Dieter's Devils worship only one Spirit Devout fans follow their favorite player

January 02, 1993|By Doug Brown | Doug Brown,Staff Writer

The strong bond grew out of a summer soccer camp and became, in final form, a group known as Dieter's Devils.

They come to the Spirit's home games at the Baltimore Arena, usually sitting in section 328, draping their banner over the railing and wearing Dieter's Devils T-shirts. They have a mascot, a person wearing a devil's costume with lighted horns.

They will be there tonight, 30 strong, when the Spirit faces the Dayton Dynamo at 7:35 in a National Professional Soccer League game.

"Every time I touch the ball, I hear them scream," Jason Dieter said. "If I get an assist, they make more noise. I try to give a little wave to show I appreciate them being there."

The Devils idolize the Spirit rookie who came from Archbishop Curley High, Essex Community College and UMBC to pro soccer. Before Christmas, they gave him brownies and an album of newspaper clippings and photos.
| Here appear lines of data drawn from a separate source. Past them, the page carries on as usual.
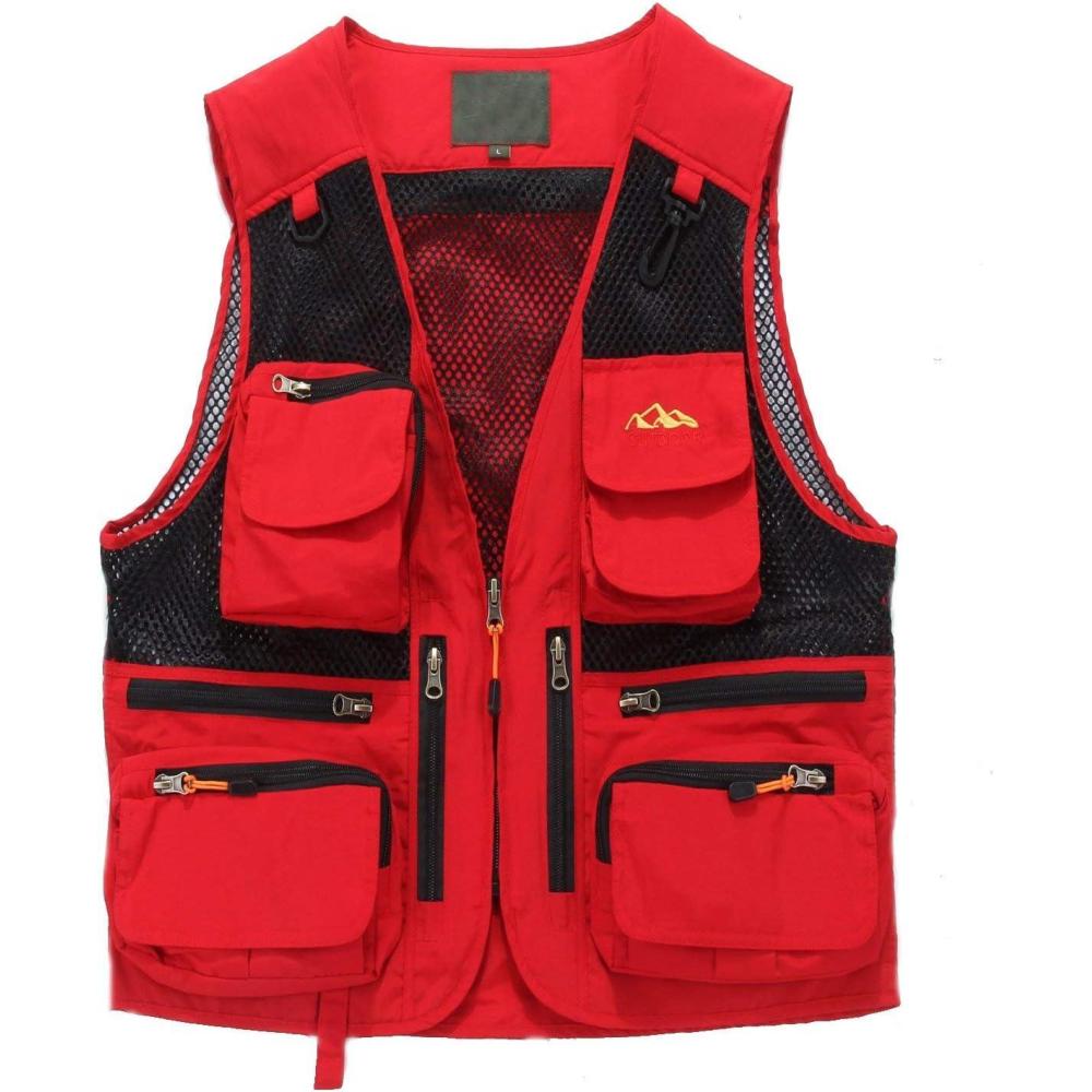 Flygo Men’s Quick Dry Fishing Hunting Photograghy Journalist Outdoor Mesh Vest Jacket(Red)
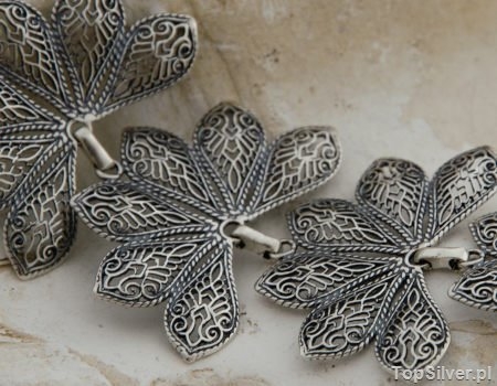Okazała srebrna bransoleta wykonana z sześciu pięknych, oksydowanych elementów wypełnionych mistrzowsko wykonanym ażurowym ornamentem.
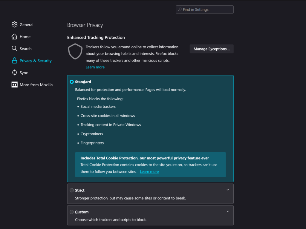 - Enhanced Tracking Protection (ETP): This feature provides a triad of protection levels (Standard, Strict, and Custom) to opt from, thereby enabling users to strike a balance between privacy and website compatibility. ETP functions by obstructing known trackers, third-party tracking cookies, and cryptominers.
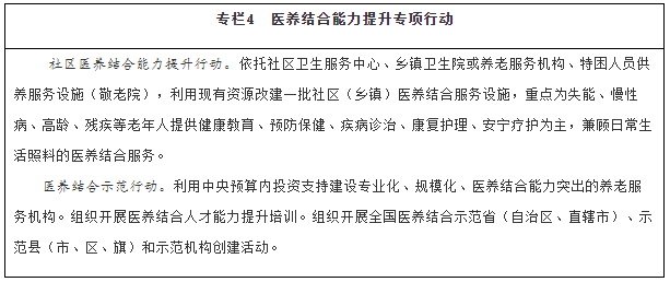 增加醫(yī)養(yǎng)結(jié)合服務(wù)供給。實(shí)施社區(qū)醫(yī)養(yǎng)結(jié)合能力提升行動。積極開展基本公共衛(wèi)生服務(wù)老年健康與醫(yī)養(yǎng)結(jié)合服務(wù)項(xiàng)目。支持優(yōu)撫醫(yī)院、光榮院轉(zhuǎn)型,開展醫(yī)養(yǎng)結(jié)合服務(wù)。推動社區(qū)衛(wèi)生服務(wù)中心與社區(qū)養(yǎng)老服務(wù)機(jī)構(gòu)、鄉(xiāng)鎮(zhèn)衛(wèi)生院與特困人員供養(yǎng)服務(wù)設(shè)施(敬老院)、村衛(wèi)生室與農(nóng)村幸福院毗鄰建設(shè),采取多種有效方式實(shí)現(xiàn)資源整合、服務(wù)銜接。

"I would have enjoyed the brownies even more," Dieter said, "if we hadn't lost to Cleveland that day."

Only one other Spirit player has a fan club, and Joe Koziol's is in Ohio. Koziol's Klan was formed when the former Loyola College star was playing for the Cleveland Crunch.

It was last August when Dieter came in contact with the young Anne Arundel County soccer players who would become the Devils. Dieter was on assistant Spirit coach Mike Stankovic's staff that was conducting a weeklong camp in the evenings in Crownsville for more than 100 youngsters, most of them 11- to 13-year-old girls.

"I told the staff to be enthusiastic, so it would spread to the kids and they could take it into their fall season," Stankovic said. "The personal touch, you know. The way Jason taught them, they just had this strong feeling for him."

"The relationship gelled, with the parents as well as the kids," Dieter said.

"They showed up after our preseason game against Harrisburg here and told me they were starting the club."

Dieter, 22, the Spirit's No. 5 scorer with 20 points on five two-point goals and 10 assists, made a strong impression on Stankovic in a collegeall-star game last spring.

"He scored a few goals," said Stankovic, who coached the East squad. "I could sense he wanted to be a pro and would be a good one."

In May, Dieter joined the Baltimore Blast for an exhibition in England against one of Europe's top teams, Aston Villa. Dieter scored a key third-quarter goal in the Blast's 4-2 victory.

It was not a shot for the ages, but Dieter accepted it eagerly: "I got a deflection off Rusty Troy's toe. I just happened to be there to play the ball. I kicked it off the post, and it went in."

Stankovic said he sensed that Dieter was nervous before the game and sought to calm him, telling him to play his own game.

"He did an excellent job," Stankovic said. "After he scored, he could say to himself, 'Hey, I can compete against these guys, even if they are among the best in the world.' "

Two months later, on July 27, Dieter was the first player signed by Baltimore's newly named soccer team, the Spirit.